- Polish theatrical release poster
- Polish: Teściowie 2
- Directed by: Kalina Alabrudzińska
- Written by: Marek Modzelewski
- Produced by: Michał Kwieciński
- Starring: Maja Ostaszewska; Izabela Kuna; Adam Woronowicz; Eryk Kulm; Ewa Dałkowska; Andrzej Zieliński;
- Cinematography: Nils Croné
- Edited by: Tymoteusz Wiskirski
- Music by: Marcin Macuk
- Production companies: Akson Studio; Next Film; TVN;
- Distributed by: Next Film
- Release date: 15 September 2023;
- Running time: 95 minutes
- Country: Poland
- Language: Polish

= The In-Laws 2 =

2023 Polish film by Kalina Alabrudzińska

The In-Laws 2 (Teściowie 2) is a 2023 Polish comedy film directed by Kalina Alabrudzińska.

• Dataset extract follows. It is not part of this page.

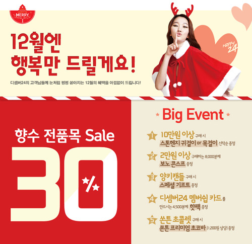 뷰티&헬스 스토어 디셈버투애니포가 12월 한 달동안 향수 전 품목 30% 할인하는 '12월엔 행복만 드릴게요' 프로모션을 진행한다.

It is a sequel to the 2021 film The In-Laws.

==Premise==
Łukasz and Weronika give their relationship a second chance and invite their family to a wedding at the Polish seaside.

==Cast==
- Maja Ostaszewska as Małgorzata Wilk, Łukasz's mother
- Izabela Kuna as Wanda Chrapek, Weronika's mother
- Adam Woronowicz as Tadeusz Chrapek, Weronika's father
- Eryk Kulm as Jan Sznajder, Małgorzata's boyfriend
- Ewa Dałkowska as Małgorzata's mother
- Andrzej Zieliński as Wojciech Zamecki
- Rafał Grotowski as Thomas
- Bohdan Graczyk as Hans
- Patryk Michalak as Gunter
- Bogumiła Trzeciakowska as Zuza, the receptionist
- Ignacy Martusewicz as Łukasz Wilk
- Katarzyna Chojnacka as Weronika Chrapek

==Production==
Filming took place in Orłowo, a district of Gdynia.

==Release==
The film had its premiere at the Helios cinema in Warsaw on 13 September 2023. It was released theatrically in Poland two days later, on 15 September.